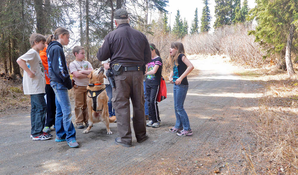 Photo by Rashah McChesney/Peninsula Clarion  United States Fish and Wildlife Service's Rob Barto tells a group of students at a Youth Game Warden camp about his yellow lab Rex and how Rex is used to find evidence of paching and illegal trafficking of wildlife Saturday May 3, 2014 at the Kenai National Wildlife Refuge headquarters in Soldotna, Alaska.
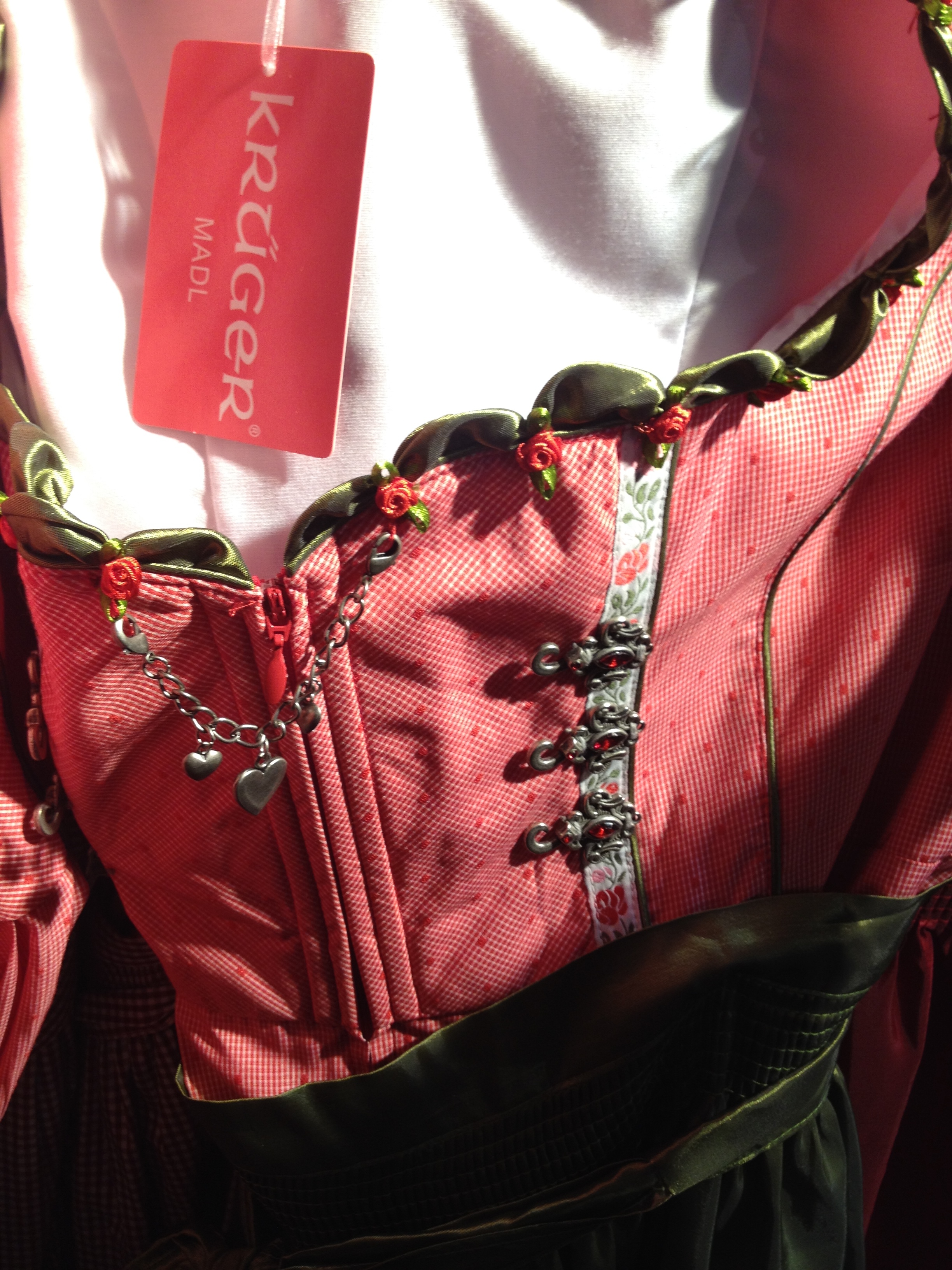 While my last visit at a Krüger Dirndl shop I was surprised by the huge amount of teenaged girls who were delighted by the feeling of shopping in a land of fairy tales. I also found myself in an amazed state while hunting for the right Dirndl dress for me. I fell in love with the art of the handcraft and the high quality of the materials. There are so many little details that have a meaning or story to tell. The symbolic representation of colors and patterns or which side to wear the bow for unmarried and married women. The experience became even more unique while shopping in an environment with cuckoo clock, feathers of pheasant and hunting trophies.
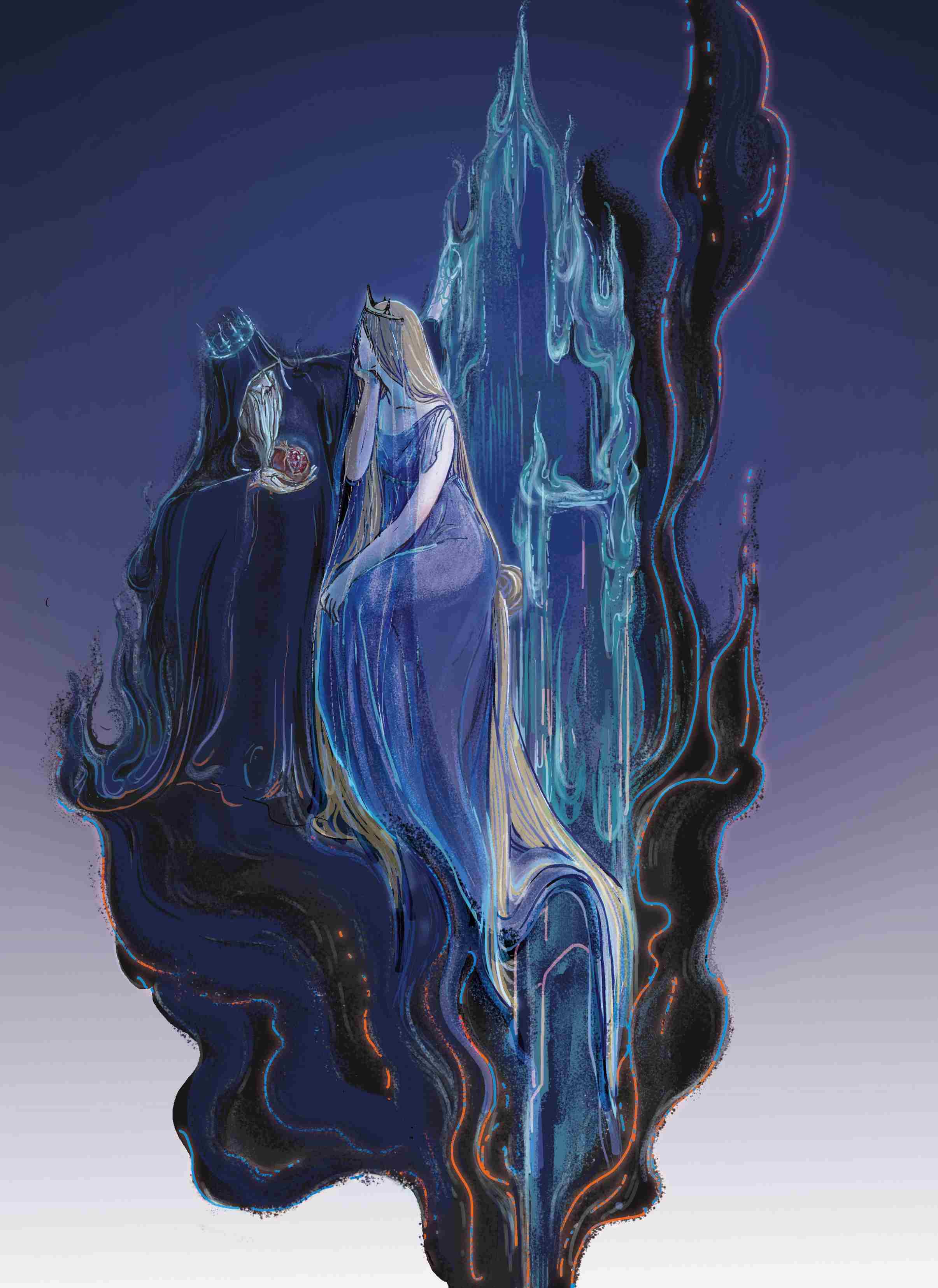被掳劫的珀耳塞福涅被哈得斯带到了他阴沉的地下宫殿,心不甘情不愿地当上了冥后。哈得斯送给她无数财富和珠宝,但这一切都丝毫不能打动和抚慰珀耳塞福涅的心,她想要的是阳光普照的大地、遍地鲜花的田野,还有她亲爱的母亲。
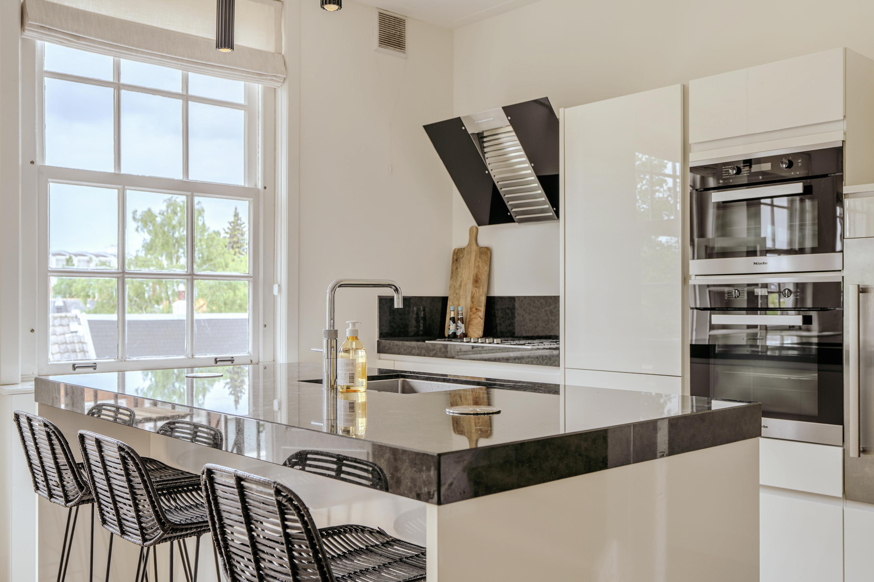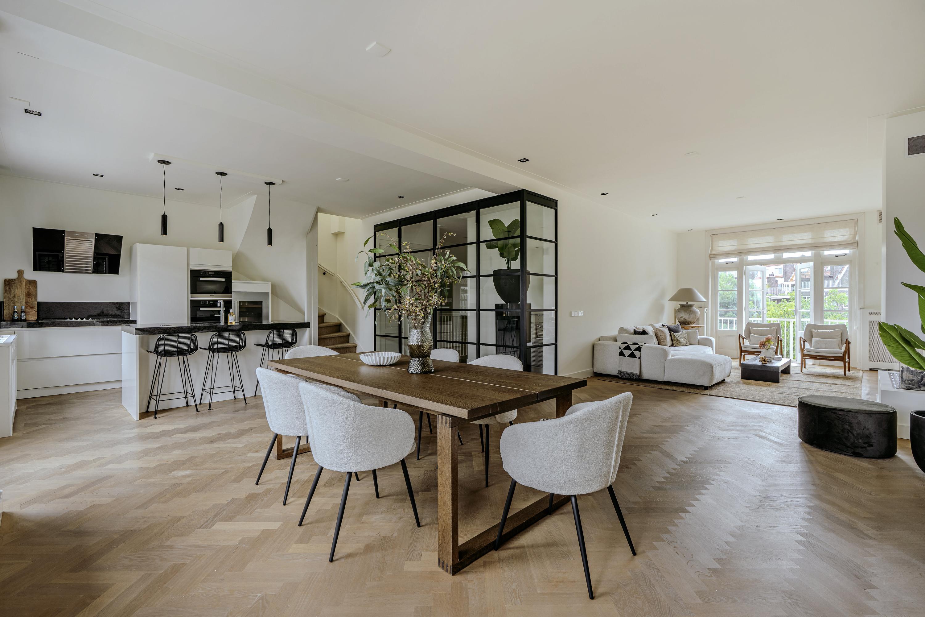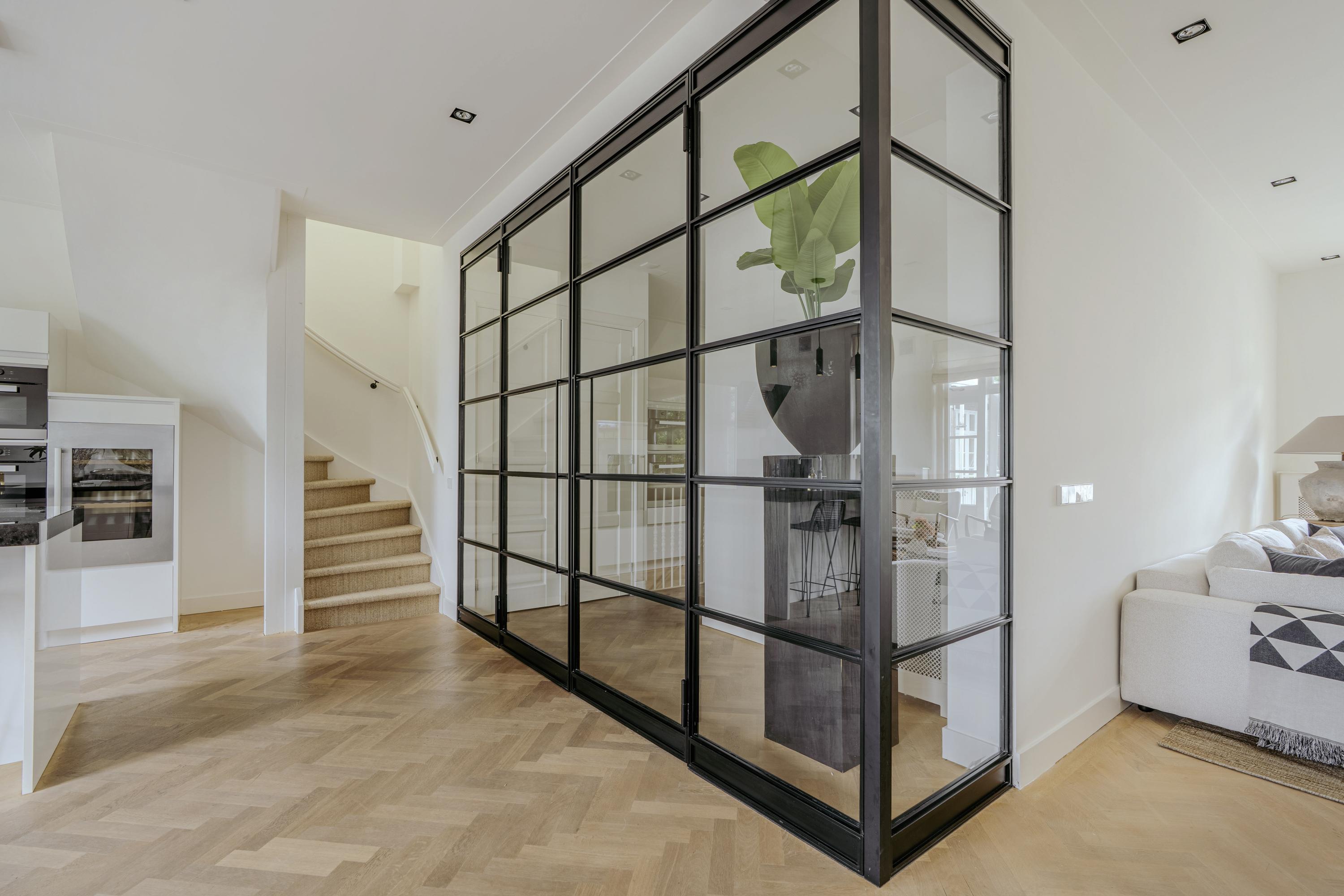 From the hall, elegant steel-framed doors open into a bright and expansive living area. At the front, you'll find a luxurious open-plan kitchen fully equipped with high-end built-in appliances: a 5-burner gas stove, oven, microwave, Quooker, refrigerator, freezer, wine cooler, and dishwasher. The generous kitchen island with bar seating is the social centerpiece of the home, ideal for relaxed evenings with family and friends.
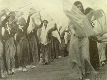 2 foto's : (1) Misviering aan boord van de "Mercator" en (2) een groep uit de Ommegang
^^^^
Task goal
Drop the pictures and reproduce the rest of the data exactly.

Answer space
 Photo by Rashah McChesney/Peninsula Clarion  United States Fish and Wildlife Service's Rob Barto tells a group of students at a Youth Game Warden camp about his yellow lab Rex and how Rex is used to find evidence of paching and illegal trafficking of wildlife Saturday May 3, 2014 at the Kenai National Wildlife Refuge headquarters in Soldotna, Alaska.
 While my last visit at a Krüger Dirndl shop I was surprised by the huge amount of teenaged girls who were delighted by the feeling of shopping in a land of fairy tales. I also found myself in an amazed state while hunting for the right Dirndl dress for me. I fell in love with the art of the handcraft and the high quality of the materials. There are so many little details that have a meaning or story to tell. The symbolic representation of colors and patterns or which side to wear the bow for unmarried and married women. The experience became even more unique while shopping in an environment with cuckoo clock, feathers of pheasant and hunting trophies.
被掳劫的珀耳塞福涅被哈得斯带到了他阴沉的地下宫殿,心不甘情不愿地当上了冥后。哈得斯送给她无数财富和珠宝,但这一切都丝毫不能打动和抚慰珀耳塞福涅的心,她想要的是阳光普照的大地、遍地鲜花的田野,还有她亲爱的母亲。
 From the hall, elegant steel-framed doors open into a bright and expansive living area. At the front, you'll find a luxurious open-plan kitchen fully equipped with high-end built-in appliances: a 5-burner gas stove, oven, microwave, Quooker, refrigerator, freezer, wine cooler, and dishwasher. The generous kitchen island with bar seating is the social centerpiece of the home, ideal for relaxed evenings with family and friends.
 2 foto's : (1) Misviering aan boord van de "Mercator" en (2) een groep uit de Ommegang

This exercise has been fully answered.